Findings from the NELSON study, presented at the International Association for the Study of Lung Cancer (IASLC) World Conference on Lung Cancer, reinforced the belief that the annual screening of older-aged current and former smokers should be conducted more widely.
Widespread screening could potentially save up to 65,000 lives in the US each year, according to study authors.
“Lung cancer kills more people each year than breast, colon and prostate cancers combined. Once implemented nationwide, this cost-efficient test would be the most effective cancer screening exam in history,” said Ella Kazerooni, MD, FACR, chair of the American College of Radiology (ACR) Lung Cancer Screening Committee and ACR Thoracic Imaging Panel, in a prepared statement issued by the ACR. “It is time for Medicare to provide adequate reimbursement for these exams, and for primary care providers and thoracic specialists to order them for their high-risk patients.”
The NELSON study was a population-based, controlled trial that enrolled 15,792 individuals. Participants were either part of the study arm or the control arm. Study arm participants were given CT screenings at baseline, and one, three and five and one-half years post-randomization. No screenings were offered to control arm participants.
Results of the study showed annual lung cancer screening with low-dose CT in high-risk patients reduced lung cancer deaths by 26 percent in men and up to 61 percent in women.

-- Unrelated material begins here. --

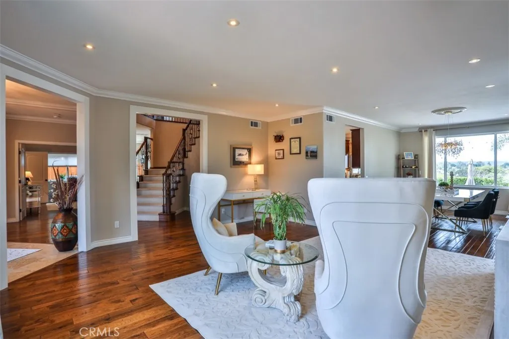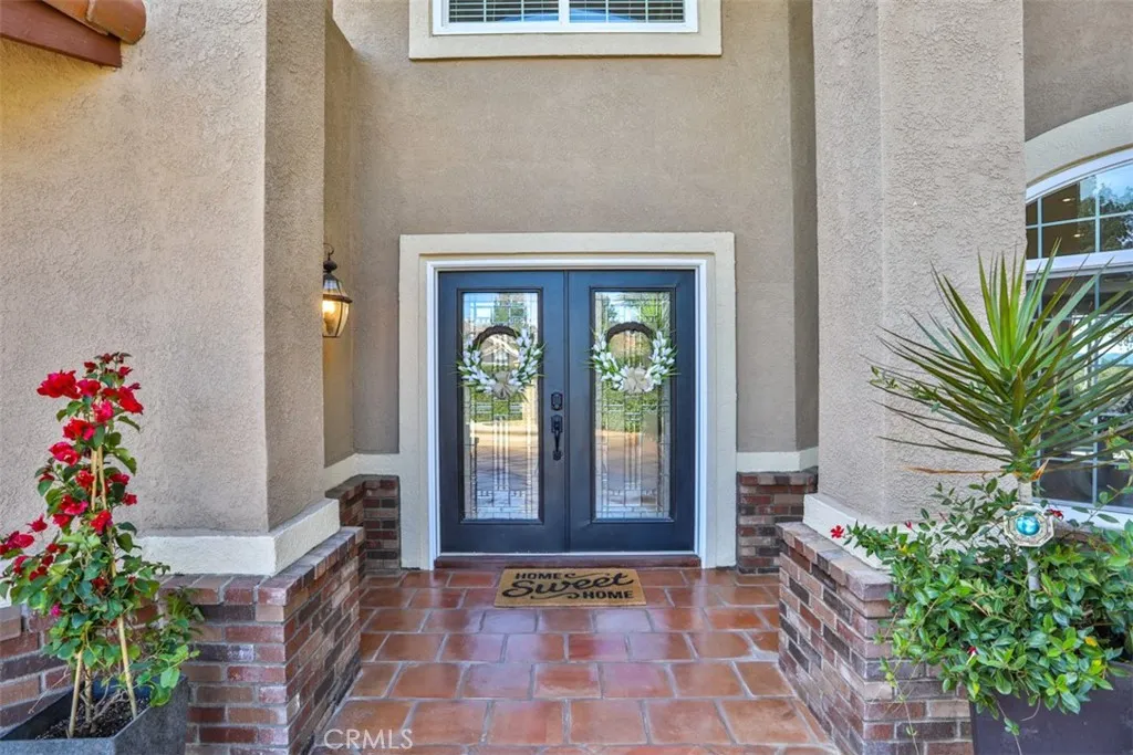Elegant, Sophisticated and Spacious Temecula Residence in Quiet Neighborhood. Inviting Curb Appeal and Charming Water Fountain Lead to Beautiful Double Door Entry. Impressive Foyer, Living Room and Formal Dining Room are Flooded with Natural Light and Gorgeous Lighting Fixtures and Chandeliers Throughout the Home Add Sparkles and Glam. Stylish Kitchen Includes Center Island, Coffee Bar, Walk-In Pantry and Opens to Cozy Family Room with Fireplace and Two Sets of French Doors Leading to Wonderful Backyard. Main Level Also Includes Bedroom/Office, Bathroom and Laundry Room with Direct and Convenient Access to Backyard for Your Pool Guests. Elegant Staircase Leads Upstairs to Luxurious Primary Suite with Vaulted Ceilings, Oversized Soaking Tub, Separate Shower, Two Walk-In Closets with Organizers and Double Vanity. Two Additional Bedrooms Have Direct Access to Large Balcony to Enjoy Forever Views and Spectacular Sunsets. Unwind and Relax in Your Private Theater and Enjoy Endless Movie Nights on a Large Screen TV. Home Theater Can Be Easily Turned Into Second Master Bedroom, and it Includes Spacious Bathroom. Dedicated Home Office/Work/Study Space with Four Desks Is Also Located Upstairs. Enjoy Entertaining in Style; Sparkling Salt Water Pool, Spa and Oversized Patio. BBQ Island is Included. Step Down to the Orchard with Numerous Fruit Trees; Lemon, Lime, Orange, Apple, Asian Pear, Plum and Peach. Relax on Your Bottom Patio, or Treat Yourself to Yoga or Workout Session. Opportunity to Plant More Trees or Grow Your Garden on the Remaining Part of Your 1/3 Acre Lot. Close Proximity to Town, Excellent Schools, Shopping, Dining, Golf and Temecula Wine Country. No HOA, Low Property Tax Rate, Paid Solar System. This Truly Stunning Property is Perfect Blend of Luxury and Comfort. 3.25% Assumable Loan for Qualified VA Buyers. Welcome Home!

There was a 44 percent reduction overall if male and female cohorts were evenly split, the statement read.
“These findings show that CT screenings are an effective way to assess lung nodules in people at high risk for lung cancer, often leading to detection of suspicious nodules and subsequent surgical intervention at relatively low rates and with few false positives and can positively increase the chances of cure in this devastating disease,” said Harry J. De Koning, MD, PhD, of Erasmus MC in Rotterdam, Netherlands, in a prepared statement issued by the IASLC. “It is the second largest trial in the world, with an even more favorable outcome than the first trial, the NLST, showed. These results should be used to inform and direct future CT screening in the world.”
In addition to wider screening, the NELSON study also reinforces that medical providers become familiar with lung cancer screening guidelines and prescribe exams for appropriate high-risk patients. Additionally, there should be an increase in Medicare reimbursement to support widespread screening.

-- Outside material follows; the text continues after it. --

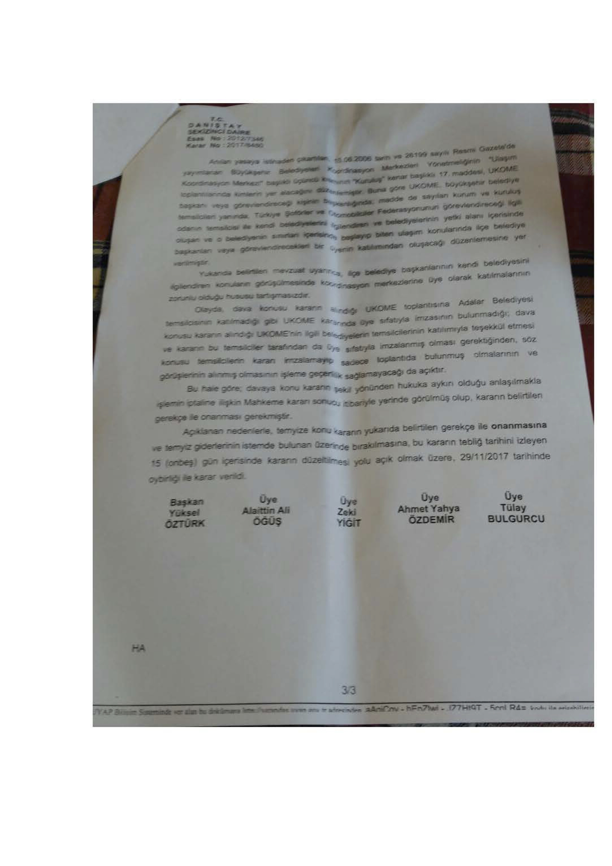 Danıştay kararının birinci bölümü Adalar’a “anaarter” olamayacağıyla ilgili. İkinci bölümü ise UKOME kararlarının alınmasında muhakkak karara konu ilçe belediyesi başkanı ya da temsilcisinin de bulunması ve kararı imzalamış olması gereğiyle ilgili. AKP’li UKOME Adalar Belediyesi’ni karara katmadığı için “anaarter” davasını kaybetmişti. Adalar’ın CHP’li misafir belediye başkanı, CHP’li UKOME’nin aldığı bu yeni karara misafir olarak katılmış mıdır? Karardaki imzalar arasında “üye Adalar belediyesi Tem.” yazıyor, karar taslağında isim yok. Adalar Belediyesi idare mahkemesi ve Danıştay kararına aykırı olarak Adalar ulaşımına el atan UKOME kararlarına ve UKOME’nin “anaarter” ilanlarına katılmakla hem yasaya aykırı hareket ediyor hem de kendi ilçe belediyesinin ulaşımını haksız ve yanlış olarak büyükşehir belediyesine bırakıyor. Ama zaten misafirin bu toplantıya ve karara katılması ya da katılmaması Adalar’da işlenen “anaarter” suçunu ortadan kaldıracak nitelikte değil.

“Shortly after covering these exams, the Centers for Medicare & Medicaid Services (CMS) slashed Medicare reimbursement to as little as $60 per exam in the hospital outpatient setting—less than half the Medicare provider reimbursement for a mammogram,” the ACR statement read. “This has restricted the number of facilities able to provide these lifesaving scans to large teaching hospitals. Funding for lung cancer screening needs to be greatly increased.”